Sedangkan, Luce Irigaray adalah seorang post-strukturalis Prancis pada tahun 1930. Menurutnya, pengertian subjek dari Plato hingga Freud slalu dibangun atas dasar maskulinitas. Ini mengakibatkan perempuan menjadi kelas dua. Namun, tujuan Irigary tidaklah menuntut kesamaan seperti para filsuf feminis lainnya. Yang menjadi penekanannya adalah perbedaan. Perbedaan disini mau berkata bahwa wanita harus mempunyai logikanya sendiri. Ketika kaum perempuan memiliki logikanya sendiri, keberadaannya sebagai manusia yang utuh dan kesetaraannya dengan kaum maskulin diperlihatkan sekaligus. Pemikiran Irigary yang demikian mempunyai konsekuensi lebih lanjut yakni pengandaian adanya Tuhan yang bergender feminin, inilah pembicaraan mengenai penghayatan peran wanita dalam kehidupan sehari-hari. Secara tidak langsung, ini merupakan akibat dari pemikiran post-struktural yang mengatakan kebenaran itu ada dibalik realitas ini.

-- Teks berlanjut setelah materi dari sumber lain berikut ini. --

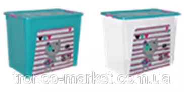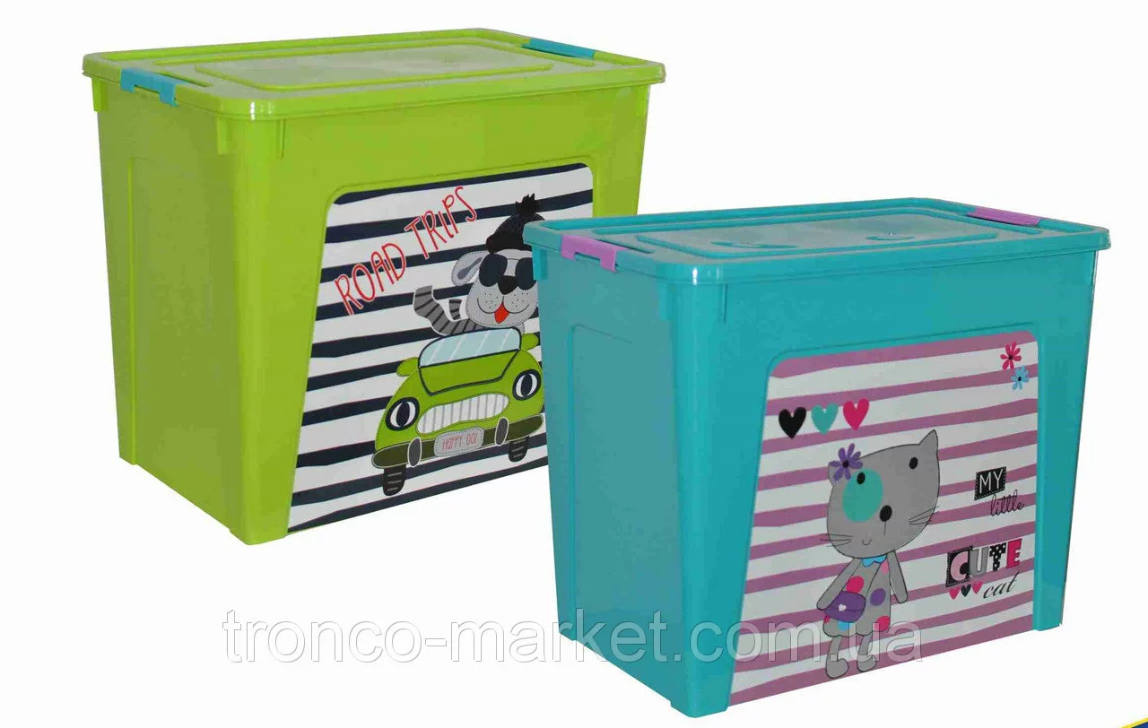 Объем емкости для хранения - 40 литров, вместительный. Яркие насыщенные цвета, удобная крышка и удобные мини ручки. Декор Pet Shop - "животные" и Car " машинки" является наклейкой IML , которая проливается вместе с основной формой, что гарантирует ей долгожительство :) Не стирается и не отрывается.

Itu merupakan pemikiran beberapa tokoh dalam filsafat feminsme dalam memandang ketuhanan dalam Agama.

Feminisme mengandung unsure gerakan, lantaran tujuan feminisme dimaksudkan supaya pengalaman, identitas, cara berpikir, dan bertindak dilihat sama seperti kaum pria. Gerakan ini membedakan apa yang disebut dengan gender dan seks. Gender adalah sesuatu yang bisa diubah, sementara seks merupakan sesuatu yang dari kodratnya tidak pernah bisa dirubah. Meskipun demikian, gerakan feminisme tidak memisahkannya hanya membedakan saja. Mengapa? Karena manusia selalu sudah terikat dengan jenis kelamin dan konsep gendernya. Dengan kata lain, status tersebut perlu diperlihatkan dengan jelas, bukan justru mengidentifikasi individu berdasarkan pada seksualitas. Inilah poin yang menjadi kolaborasi filsafat dan feminisme. Pengertian ini mensyaratkan perbedaan, namun tetap berada dalam kesetaraan.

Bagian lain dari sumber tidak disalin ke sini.